Advertisement

  • News
  • Columns
  • Interviews
  • BW Communities
  • Events
  • BW TV
  • Subscribe to Print
  • Editorial Calendar 19-20
BW Businessworld

Finding A New Voice

Photo Credit :

 A frightful year of global economic disaster has just gone by, and the new one holds promise of better times. For the BPO industry — as for the economy — things were pretty bad in the US and European market, but India was in much better shape. This year poses a new set of challenges and worries, as also new growth opportunities. Looking ahead, one sees a few important trends and issues. Such as the 3Ss of future: scale, specialisation and synergy.

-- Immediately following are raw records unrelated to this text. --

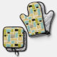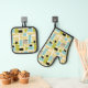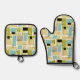 Add a pop of colour to your cooking with these funky mid-century modern oven mitt and pot holder! This retro design features aqua blue, avocado green, yellow, and tan abstract rectangles, along with highlights of black and white starbursts.
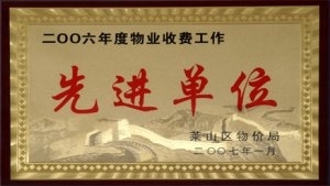 2006年萊山區(qū)物業(yè)收費工作先進單位
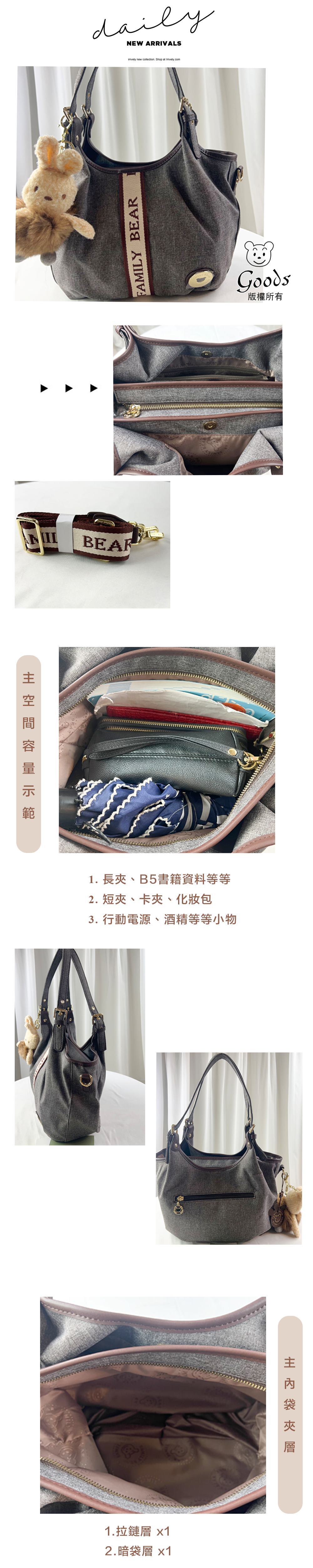FamilyBear 織帶灰配咖防潑水手提包 / 側背包 附兔兔吊飾 #2520
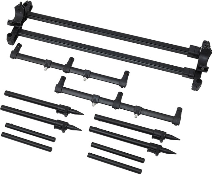 Stalak s dvostrukom središnjom konstrukcijom, koji nudi stabilnost i funkcionalnost koja je obično viđena samo kod premium stalaka viših cjenovnih razreda. Ističe se odličnim omjerom cijena/performanse, potpuno je prilagodljiv – kako po dužini, tako i po visini – a sve prečke imaju podešive sigurnosne prstene, kojima se precizno može učvrstiti alarmi i rohatinke u traženi položaj. Stalak dolazi u vlastitoj podstavljenoj transportnoj torbi.
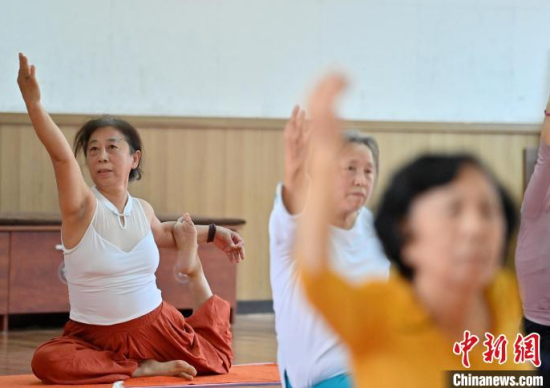 10月24日,在位于吉林長春的吉林省老年大學(xué),老年人在練習(xí)瑜伽。近來,越來越多老年人在運動中煥新生活,瑜伽也不再是年輕人的專屬。在老年人的眼中,瑜伽鍛煉了體態(tài)和精神面貌,讓他們看起來“越來越年輕”。中新社記者 張瑤 攝
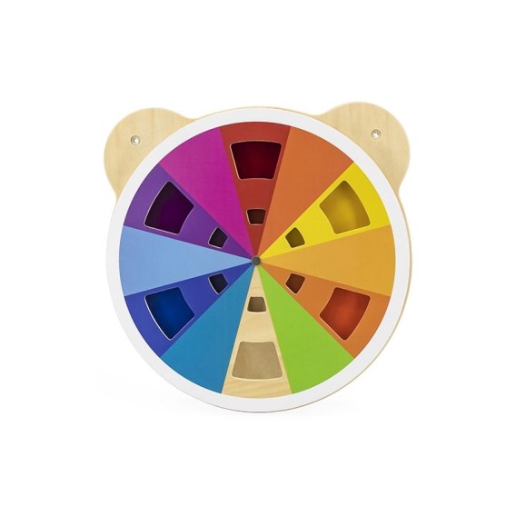 Tablica z akrylową tarczą w różnych odcieniach od marki Viga. Dziecko dzięki obracaniu tarczy tablicy może mieszać kolory w dowolny sposób i odkrywać jakie inne barwy powstają. W sumie można uzyskać aż 60 różnych kolorów. Produkt idealnie sprawdzi się zarówno w domowym zaciszu, szkole oraz przedszkolu. Ciekawe przygotowanie formy tablicy z pewnością przykuje uwagę każdego malucha. Całość wykonana została z drewna lakierowanego i pomalowana nietoksycznymi farbami w żywe barwy, które zadowolą każdego użytkownika i dadzą mnóstwo radości z zabawy. Produkt przeznaczony dla dzieci od 18 miesiąca życia.
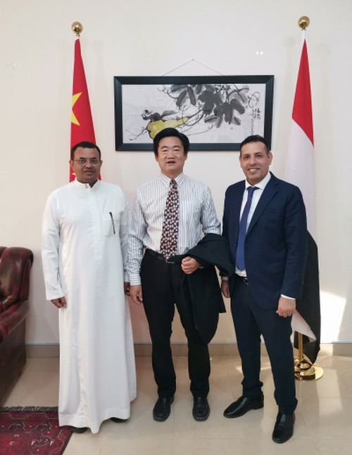 2023年10月27日,驻也门使馆临时代办邵峥在使馆会见也门记者联盟对外事务负责人亚西尔和媒体事务负责人哈扎阿,围绕中也关系、也门局势等进行交流。
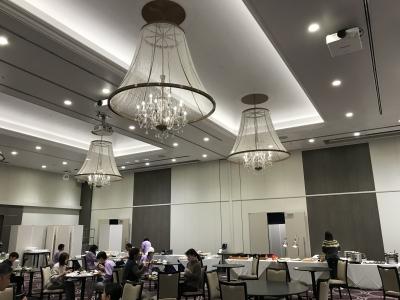 綺麗です・・コロナ禍の対策で朝食会場も広い・宴会場と思われる部屋で、テーブル間隔も広く、手袋を配布していて利用。
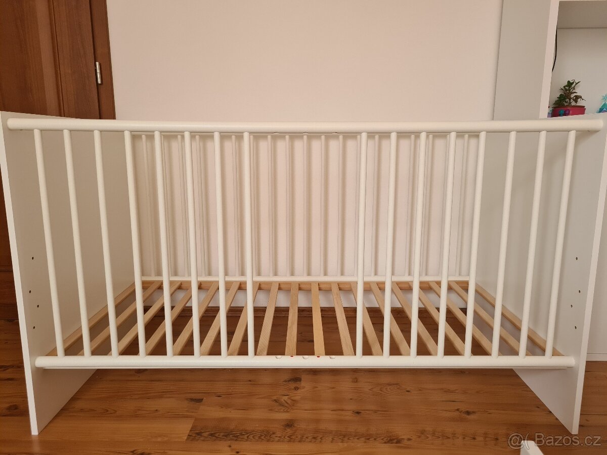 Prodám dětskou postýlku s výškově nastavitelným roštem.

Scale is an obvious driver: it implies broad-spectrum capabilities, attracts big customers, and makes for cost-effectiveness. For start-ups and small companies, the way forward is specialisation. A niche player specialised in a particular segment, a boutique firm which specialises in one specific area or one particular process — I see a bright future for them.
The third ‘S’ is synergy. This could be achieved through consolidation, especially for mid-sized companies which do not have the scale or specialisation. For them, the future lies in building some kind of synergy. I see some consolidation happening in the industry, even if slowly. In fact, bigger players too will look for ever larger scale, and consolidation through acquisition or mergers might happen even between two substantial companies.
This is because companies that operate on a scale model have to remain at the top echelons of the size ranking. If you are not in that league, then the scale game begins to work against you. If you are the tenth or 11th biggest company, then you do not have the scale to be really big: nor are you very specialised because you are spread across a lot of areas. So, the challenge is to grow organically at super speed or merge or consolidate to be in the top league. Scale is relative, so unless you are somewhere among the biggies, that is going to be a challenge.
There is an emerging trend that is beyond all these. A possibility with huge potential: a transformation or a movement up from traditional BPO to what one may call BFO (business function outsourcing). In this, not only are processes, but also complete functions are outsourced. This began a few years back when companies started outsourcing large parts of F&A (finance and accounting) and HR. In future, many enterprises would focus only on their core business. A research and development firm, for example, may choose to outsource its marketing function.
The companies that would find BFO most attractive are mid-sized companies, which exist in  large numbers in Europe and the US. Thus, one has to look beyond the Fortune 500 companies to the thousands of SMEs. If BPOs can transform themselves and develop expertise in specific areas, they can get big business.
The other need is to combine NEW with the OLD model. NEW stands for nationally efficient work. So far, we have had great success with the quicker-better-cheaper model. If India just had one of the above, there would have been competition from many others. We continue to dominate because we can deliver all three. But this combination shows signs of wearing off: in certain areas like voice (call centres) we are beginning to slowly lose out. A substantial part of incremental voice business is going to the Philippines. While China and other countries are yet many years behind, they are pushing things aggressively. To retain our comparative edge, we have to act quickly and effectively, particularly on the quality and quantity of talent. 
Another vital factor in NEW is the taxation system and its operation. If two countries are equally attractive, the customer starts looking at other dimensions. If the regulatory policies, tax regulations and fiscal incentives in some places are better, then it tilts the balance completely. In the past few years, India is increasingly perceived as being less industry-friendly, with uncertainties in continuation of the software technology parks scheme, an overly aggressive tax administration and sometimes ambiguous tax laws. Meanwhile, others have emulated and bettered the incentives that India offered.
Apart from NEW, individual companies will have to adopt the OLD model: optimally located delivery. This may require delivery centres in various countries to meet specific client requirements or to tap into specialised talent pools — for example for language skills. It would also involve centres in Tier II and III towns in India, to seek additional talent, tap the growing domestic market and lower costs. 
 
While the prospects for the Indian BPO industry look bright, there are challenges to overcome in order to tap the potential of this sector.
As told to Sunny Sen 
The author is former president of Nasscom
(This story was published in Businessworld Issue Dated 25-01-2010)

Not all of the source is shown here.